Data items
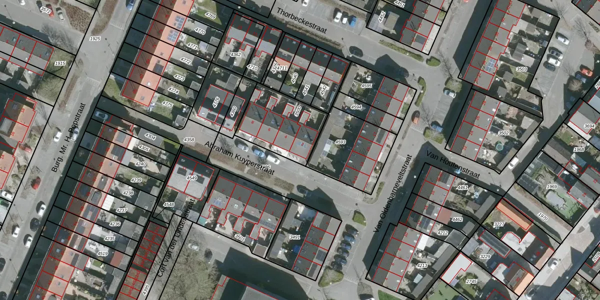Het perceel waarop Abraham Kuyperstraat 2 staat heeft een oppervlakte van 493 m². Dit is een groot perceel. De perceeloppervlakte wordt geregistreerd door het Kadaster. Gedetailleerde informatie over de maten van dit perceel kunt u vinden in het rapport Kadastrale kaart met maatvoering van Abraham Kuyperstraat 2.
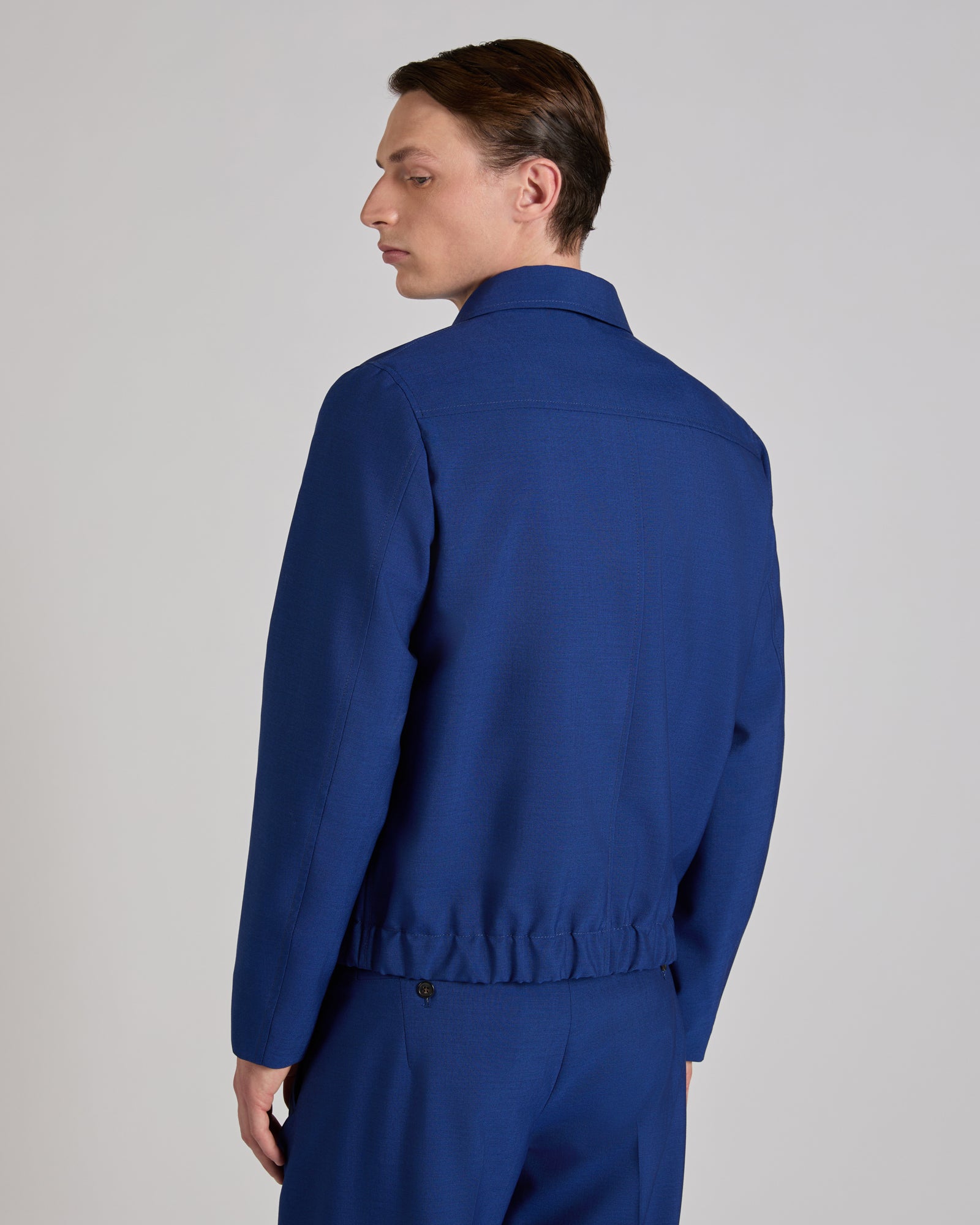 - Il bomber è completamente foderato e presenta chiusura con zip in metallo spazzolato a doppio cursore, tasche interne con chiusura a bottone, tasche esterne a doppio filetto che richiamano quelle del pantalone, taschino con bottone, polso finito con elastico nascosto.
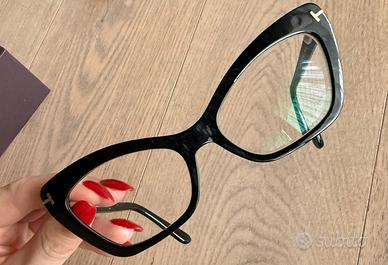 Occhiali a gatto da vista, Tom Ford, con mascherine incluse intercambiabili color nero e bordeaux. Lenti graduate, non ho le lenti originali non graduate, ma le lenti delle mascherine sono senza graduazione. Visibili segni sull’occhiale da vista, dovuti all’applicazione delle mascherine da sole (vedi foto). La mascherina bordeaux non si applica bene sulla parte sx (vedi foto). Per ulteriori foto/infocontattatemi.
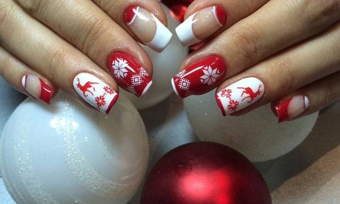 Красную роспись можно сделать на белом фоне, тогда получившийся рисунок будет ярко выделяться и не останется незамеченным. Часто используют тандем красно-белого для новогоднего маникюра и дизайна ко Дню влюбленных.
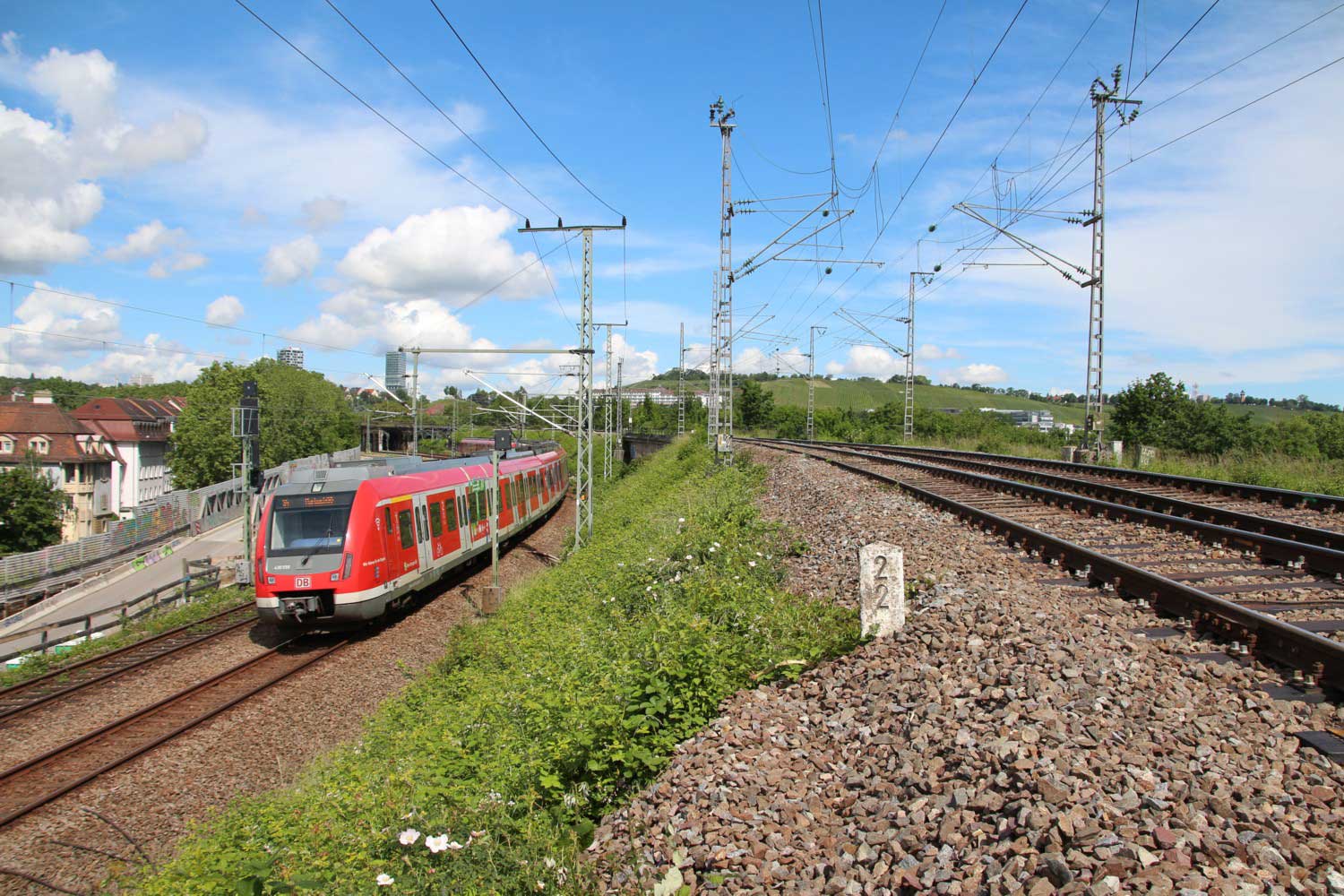 Unten km 2,2 der Strecke Stuttgart Hbf - Bietigheim-Bissingen (4801)

WHAT YOU WILL DO: Where a line contains "Красную роспись можно", begin there and transcribe every line through the last one of the records above, exactly and with no pictures.

SOLUTION TO THIS EXERCISE:
 Красную роспись можно сделать на белом фоне, тогда получившийся рисунок будет ярко выделяться и не останется незамеченным. Часто используют тандем красно-белого для новогоднего маникюра и дизайна ко Дню влюбленных.
 Unten km 2,2 der Strecke Stuttgart Hbf - Bietigheim-Bissingen (4801)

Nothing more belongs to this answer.